TASK BRIEF: Leave the pictures out and give every entry again exactly.

ENTRIES PROVIDED:

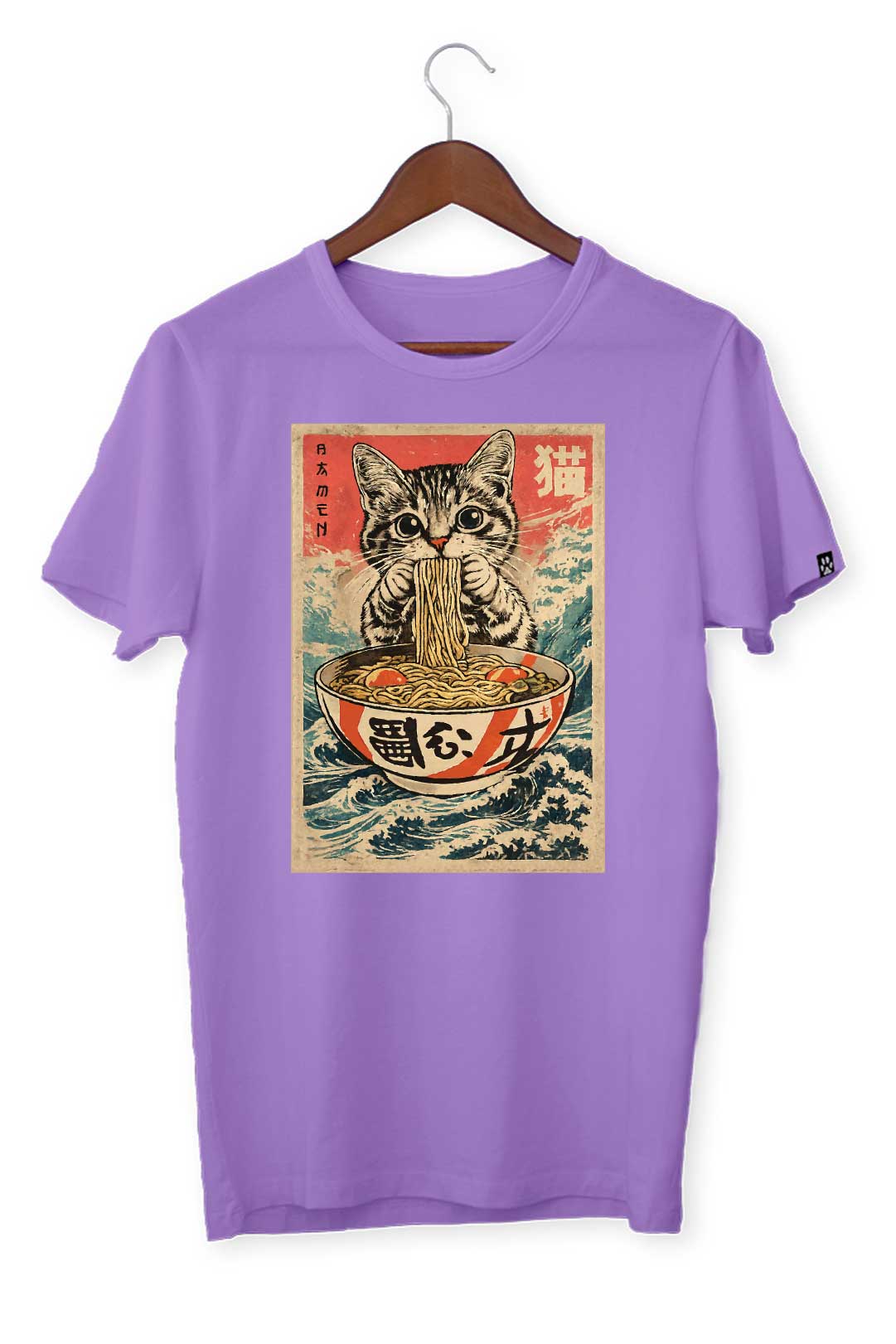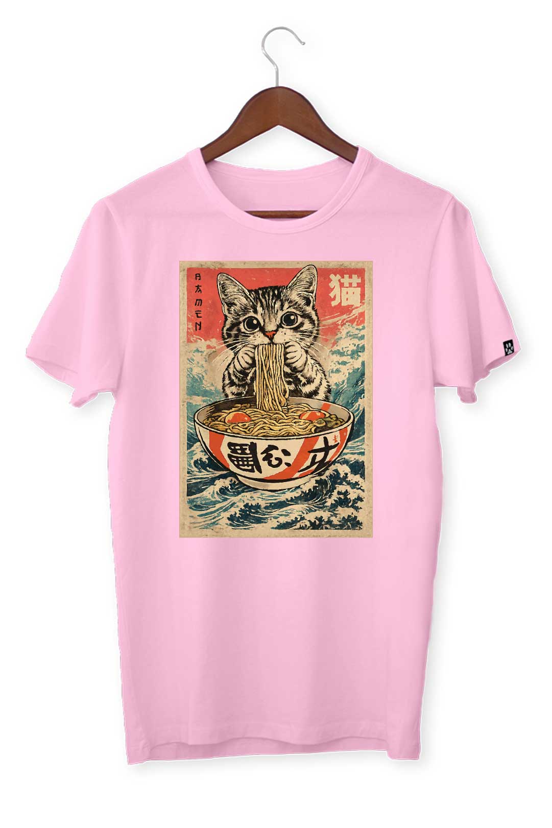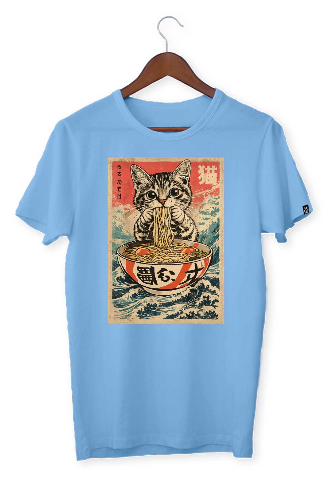 Przewiewna lekka koszulka kot i wielki ramen jest wprost idealna na ciepłe letnie dni! Dzięki wykorzystaniu naturalnych materiałów, czyli 100% bawełny, Twoja skóra będzie mogła swobodnie oddychać, a Ty będziesz mógł poczuć się w 100% komfortowo.
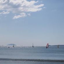 砂浜で遊ぶ子供たちだけでなくマリンスポーツを楽しむ人が沖合いに沢山います。
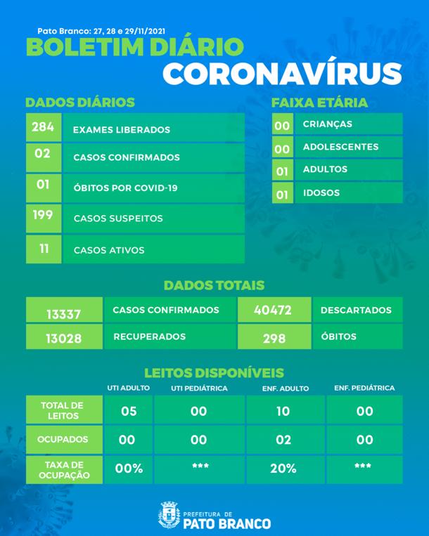 Conforme estabelecido na mais recente reunião do Comitê de Enfrentamento à Covid-19 em Pato Branco, os boletins deixam de ser divulgados nos finais de semana e feriados.
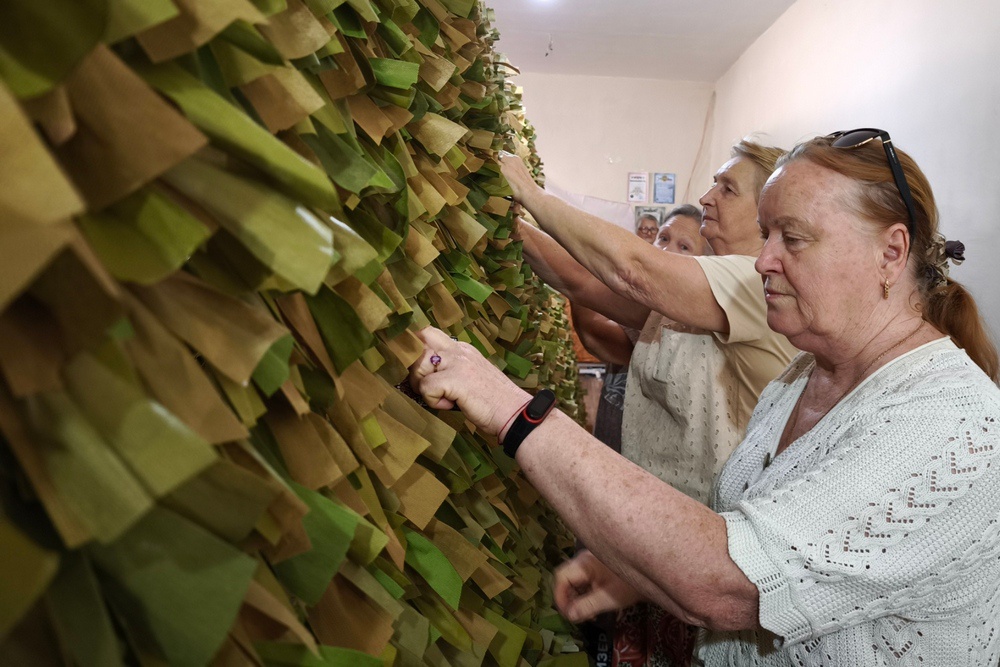Рыжий цвет ленты в маскировочной сети нужен, потому что природа уже расцветает красками осени. Их пока немного, поэтому к зелени колер осени подмешивают постепенно. Маскировочные сети - расходный материал. В боевой обстановке они уходят в огромном количестве. Прошел танк через кусты, все, сетка порвана, остались одни лохмотья, надо менять. Поэтому до глубокой осени их обновят еще не однажды. Женщины понимают, что от точности их работы зависят жизни ребят, поэтому всегда подбирают краски максимально близко к тому месту, куда уйдет изделие, и к календарю. Можно сказать, плетут своими руками полотна на тему "Времена года", только вот место им не в музее, а на передовой. Идут сети на все херсонское направление, а уж западный берег Крыма плотно укутан их руками.
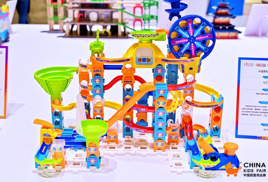 此外,伟易达经典产品“滚珠大冒险·摩天轮轨道积木套装”与“火箭轨道积木套装”依然保持着强劲的吸引力。经过市场验证的这两款产品,继续受到主办方的青睐,作为STEAM玩具的“典范之作”受邀在STEAM展区集中展示,印证其优秀的产品品质和教育价值。

WRITTEN RESPONSE:
 Przewiewna lekka koszulka kot i wielki ramen jest wprost idealna na ciepłe letnie dni! Dzięki wykorzystaniu naturalnych materiałów, czyli 100% bawełny, Twoja skóra będzie mogła swobodnie oddychać, a Ty będziesz mógł poczuć się w 100% komfortowo.
 砂浜で遊ぶ子供たちだけでなくマリンスポーツを楽しむ人が沖合いに沢山います。
 Conforme estabelecido na mais recente reunião do Comitê de Enfrentamento à Covid-19 em Pato Branco, os boletins deixam de ser divulgados nos finais de semana e feriados.
Рыжий цвет ленты в маскировочной сети нужен, потому что природа уже расцветает красками осени. Их пока немного, поэтому к зелени колер осени подмешивают постепенно. Маскировочные сети - расходный материал. В боевой обстановке они уходят в огромном количестве. Прошел танк через кусты, все, сетка порвана, остались одни лохмотья, надо менять. Поэтому до глубокой осени их обновят еще не однажды. Женщины понимают, что от точности их работы зависят жизни ребят, поэтому всегда подбирают краски максимально близко к тому месту, куда уйдет изделие, и к календарю. Можно сказать, плетут своими руками полотна на тему "Времена года", только вот место им не в музее, а на передовой. Идут сети на все херсонское направление, а уж западный берег Крыма плотно укутан их руками.
 此外,伟易达经典产品“滚珠大冒险·摩天轮轨道积木套装”与“火箭轨道积木套装”依然保持着强劲的吸引力。经过市场验证的这两款产品,继续受到主办方的青睐,作为STEAM玩具的“典范之作”受邀在STEAM展区集中展示,印证其优秀的产品品质和教育价值。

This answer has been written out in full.